Directions ▸ Copy the lines from the start of the records below through the line containing "Close up of", both included, and leave out the pictures.

Exercise data ▸
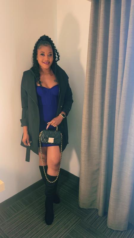 I love this trench coat! It is lightweight but also keeps the chill out. Fits very well and looks chic.
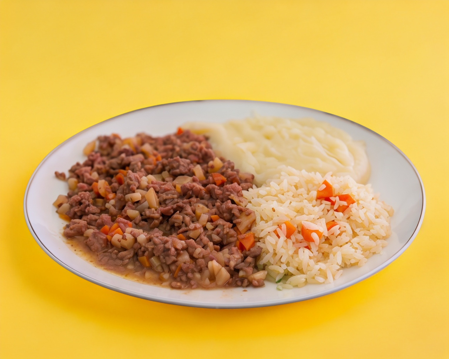 Carne molida con papas y zanahoria, acompañado de 2 guarniciones a elegir. (Porción personal).
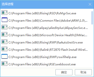 选择从进程添加后,会弹出【选择进程】窗口,您只需在列表中选择信任的进程,点击【确定】即可。
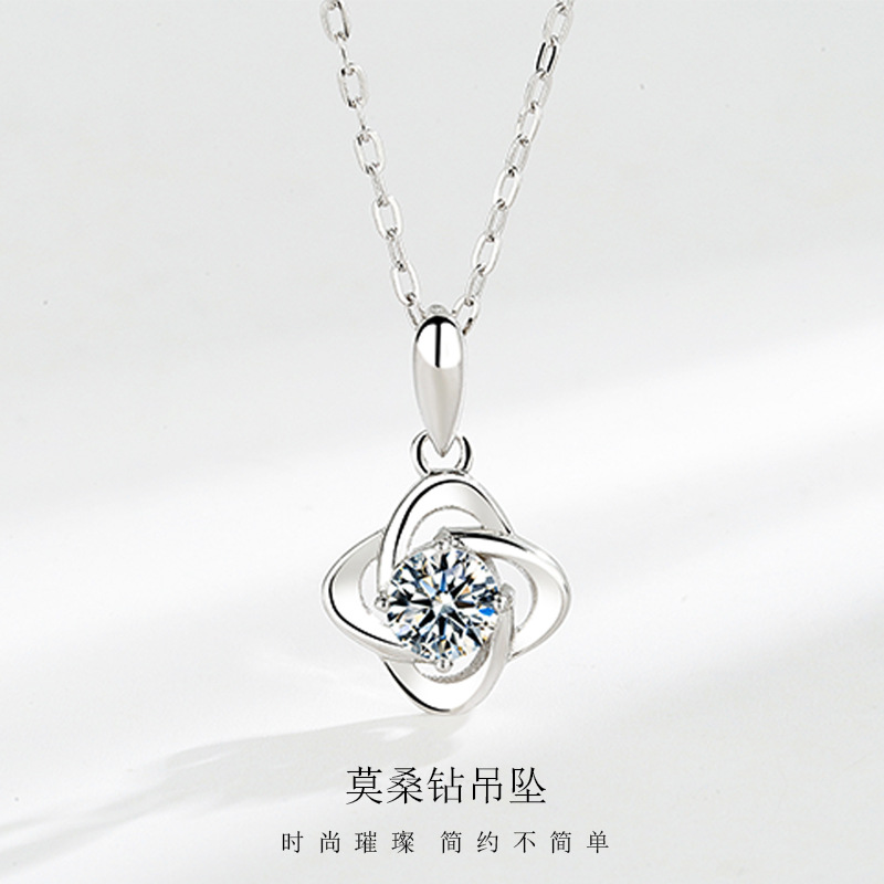 S925純銀網赤四葉草莫桑ドリルネックレス女性の軽豪華な気質鎖鎖シンプル韓国版風車アクセサリー
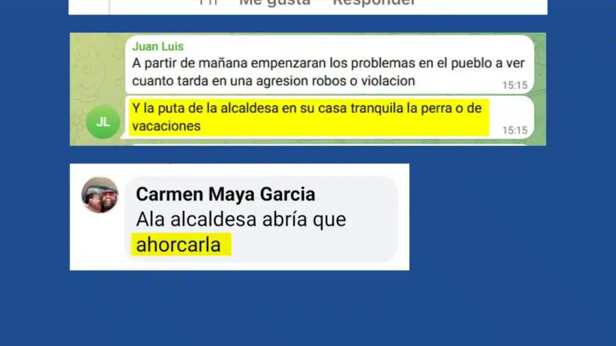 Otros directamente son amenazas de muerte e insultos vejatorios: «Y la puta de la alcaldesa en su casa tranquila la perra o de vacaciones». «A la alcaldesa habría que ahorcarla» escribe otra persona en comentarios de Facebook.
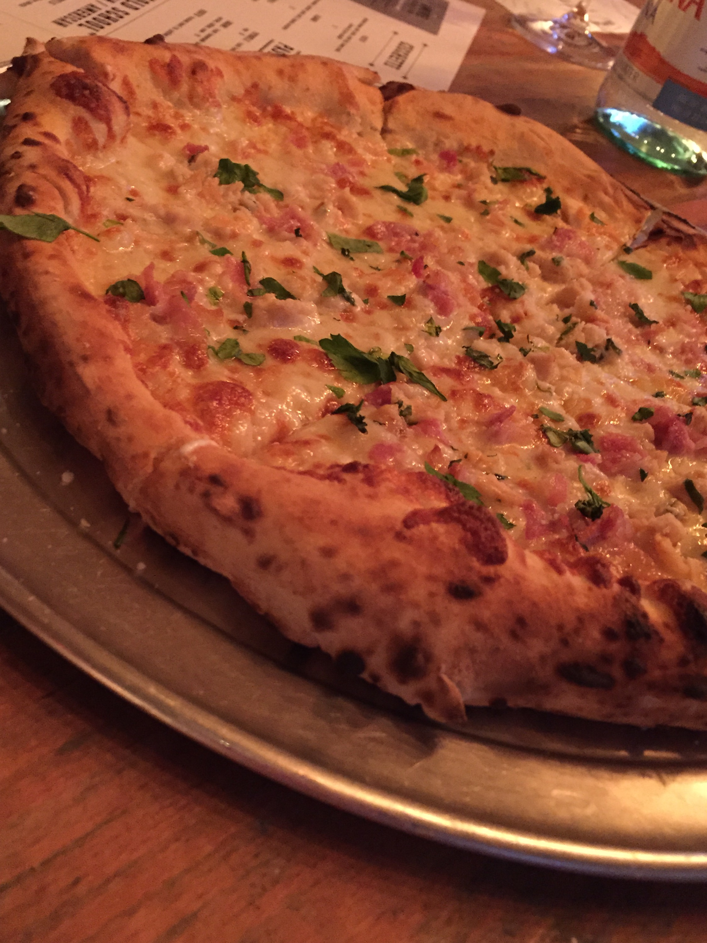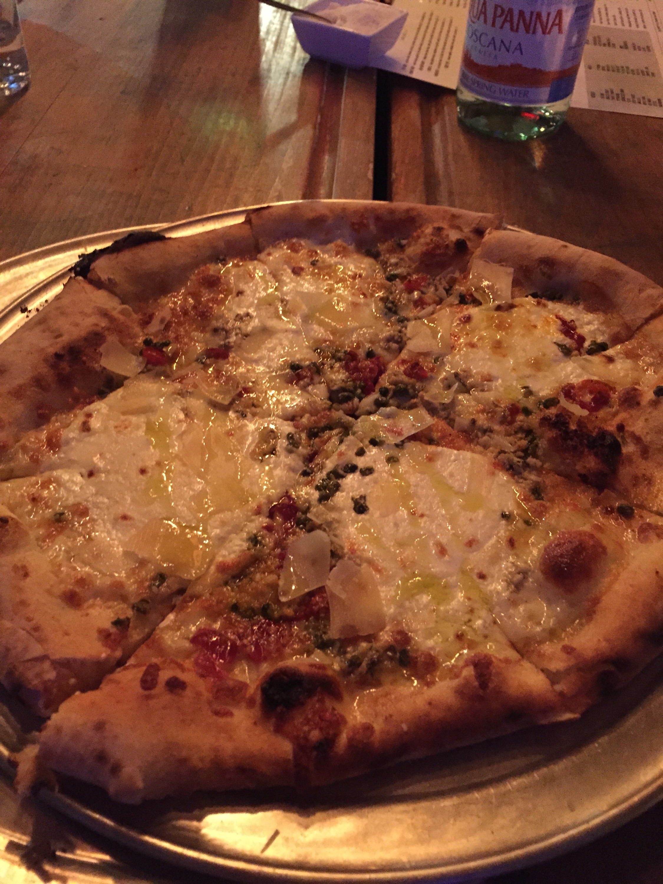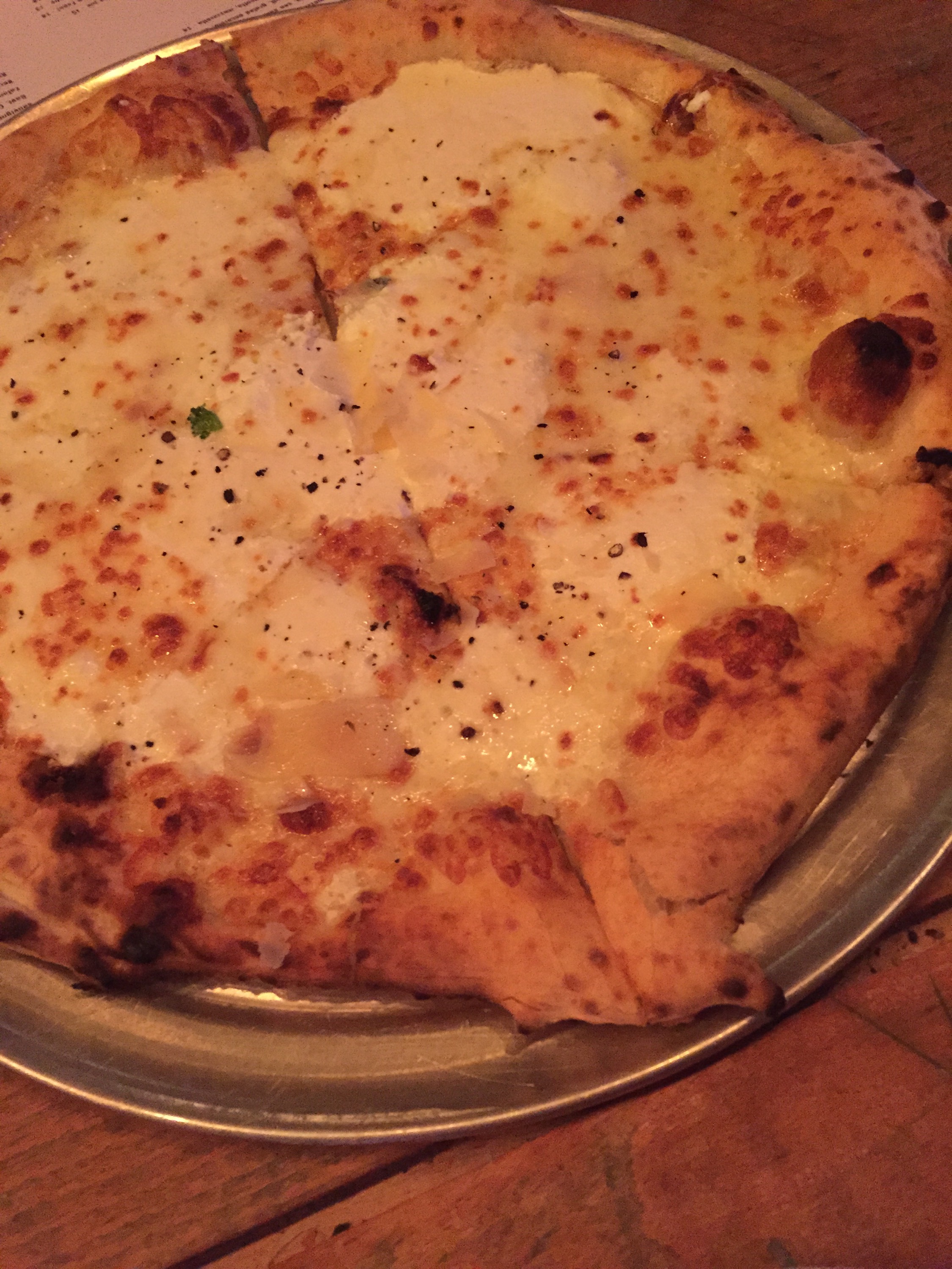 We sampled four of Amore’s round pies: For The Queen (above), The Holy Cheesus, New Haven White, and Something Fishy.
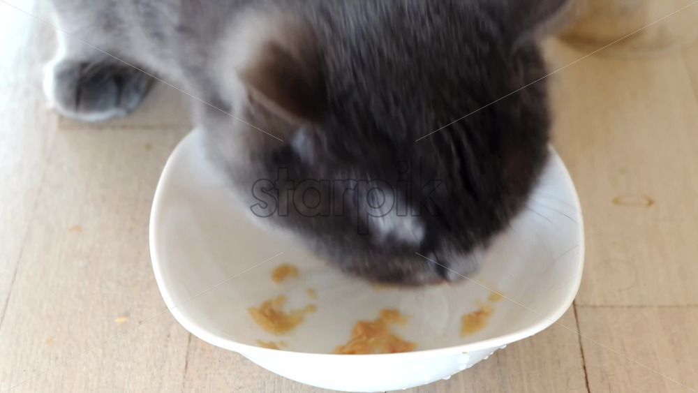 Close up of a British Shorthair cat eating cat food from a white bowl Royalty Free Stock Video Footage
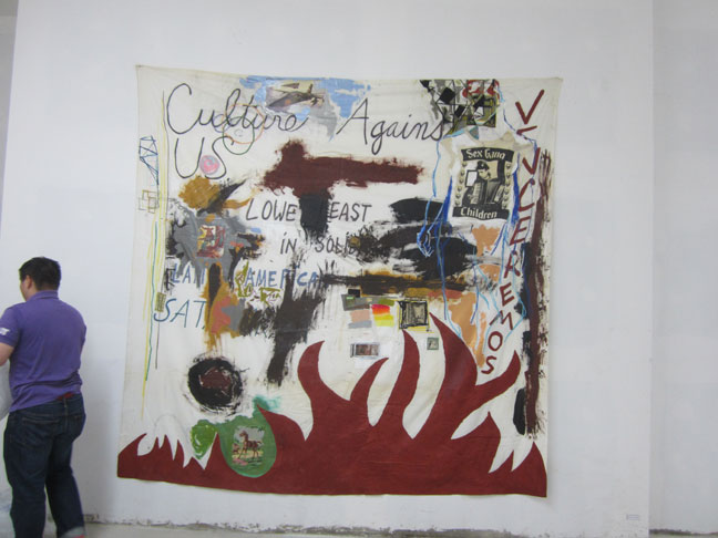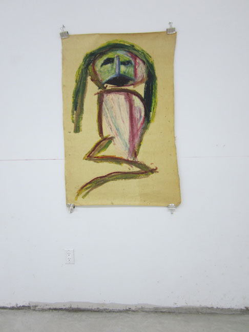 SIMON CERIGO, mixed media ‘mural’ on found curtain, that’s a found oil paint-by-number horse, on the lower left. he was crazy for those. he’d hunt them down in thrift shops.

Answer area ▸
 I love this trench coat! It is lightweight but also keeps the chill out. Fits very well and looks chic.
 Carne molida con papas y zanahoria, acompañado de 2 guarniciones a elegir. (Porción personal).
 选择从进程添加后,会弹出【选择进程】窗口,您只需在列表中选择信任的进程,点击【确定】即可。
 S925純銀網赤四葉草莫桑ドリルネックレス女性の軽豪華な気質鎖鎖シンプル韓国版風車アクセサリー
 Otros directamente son amenazas de muerte e insultos vejatorios: «Y la puta de la alcaldesa en su casa tranquila la perra o de vacaciones». «A la alcaldesa habría que ahorcarla» escribe otra persona en comentarios de Facebook.
 We sampled four of Amore’s round pies: For The Queen (above), The Holy Cheesus, New Haven White, and Something Fishy.
 Close up of a British Shorthair cat eating cat food from a white bowl Royalty Free Stock Video Footage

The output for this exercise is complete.